[[ EXCERPTED RECORDS open ]]

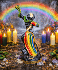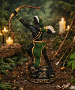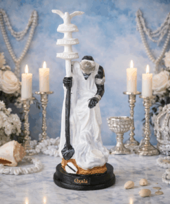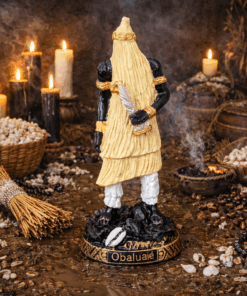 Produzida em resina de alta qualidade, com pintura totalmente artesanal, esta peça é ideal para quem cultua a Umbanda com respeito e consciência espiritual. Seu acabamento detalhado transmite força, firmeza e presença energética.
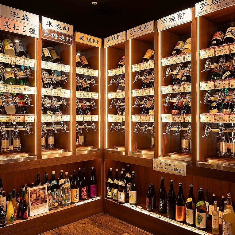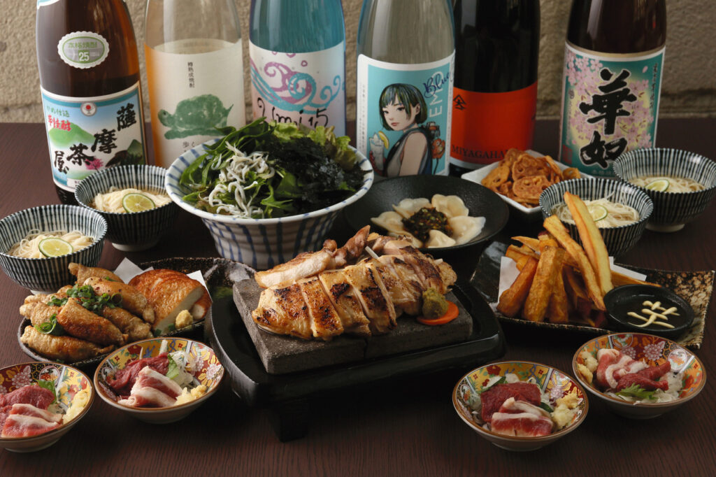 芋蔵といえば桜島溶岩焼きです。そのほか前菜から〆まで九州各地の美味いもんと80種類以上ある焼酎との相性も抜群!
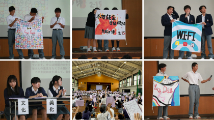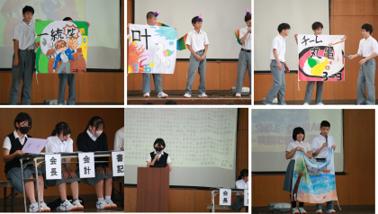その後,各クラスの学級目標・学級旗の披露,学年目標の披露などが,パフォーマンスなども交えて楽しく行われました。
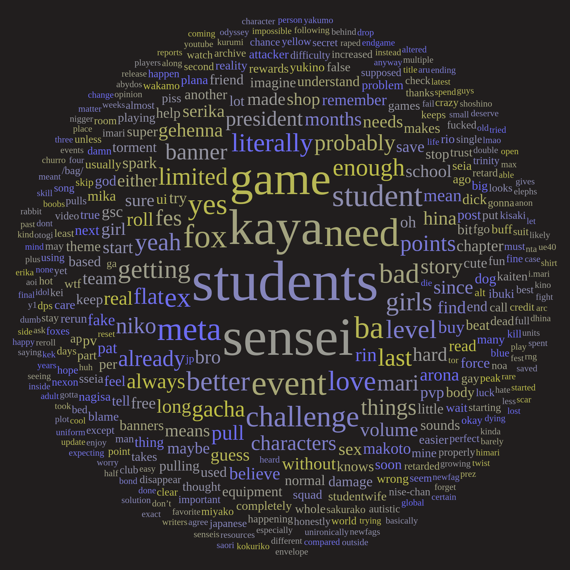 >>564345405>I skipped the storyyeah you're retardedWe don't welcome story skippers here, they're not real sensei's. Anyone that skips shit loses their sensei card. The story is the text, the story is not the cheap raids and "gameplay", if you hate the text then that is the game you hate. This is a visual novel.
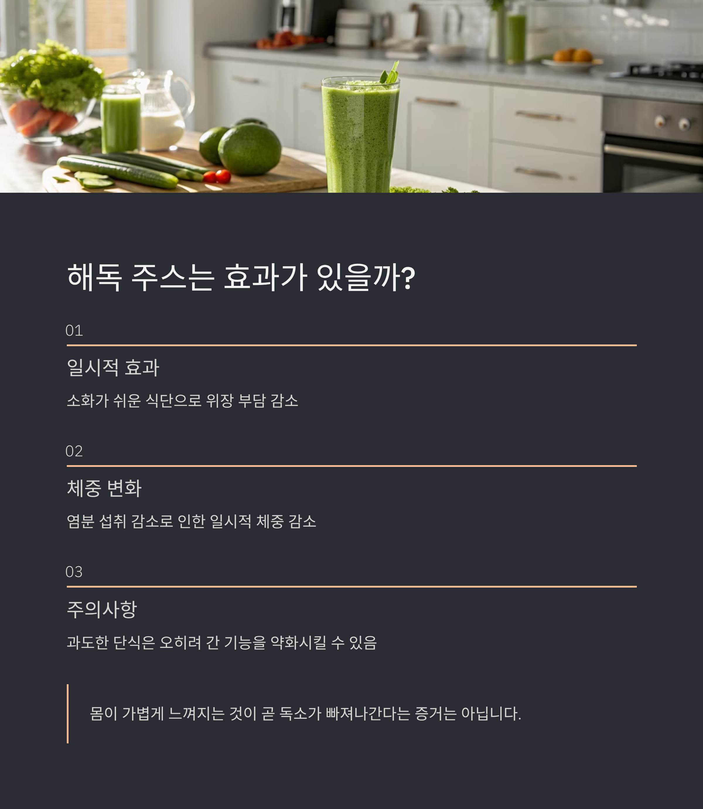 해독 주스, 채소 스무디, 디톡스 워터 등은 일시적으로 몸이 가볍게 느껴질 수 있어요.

[[ EXCERPTED RECORDS closed ]]

§ WHAT THIS TASK INVOLVES
Pictures aside, write out all of the records exactly.

§ OUTPUT
 Produzida em resina de alta qualidade, com pintura totalmente artesanal, esta peça é ideal para quem cultua a Umbanda com respeito e consciência espiritual. Seu acabamento detalhado transmite força, firmeza e presença energética.
 芋蔵といえば桜島溶岩焼きです。そのほか前菜から〆まで九州各地の美味いもんと80種類以上ある焼酎との相性も抜群!
その後,各クラスの学級目標・学級旗の披露,学年目標の披露などが,パフォーマンスなども交えて楽しく行われました。
 >>564345405>I skipped the storyyeah you're retardedWe don't welcome story skippers here, they're not real sensei's. Anyone that skips shit loses their sensei card. The story is the text, the story is not the cheap raids and "gameplay", if you hate the text then that is the game you hate. This is a visual novel.
 해독 주스, 채소 스무디, 디톡스 워터 등은 일시적으로 몸이 가볍게 느껴질 수 있어요.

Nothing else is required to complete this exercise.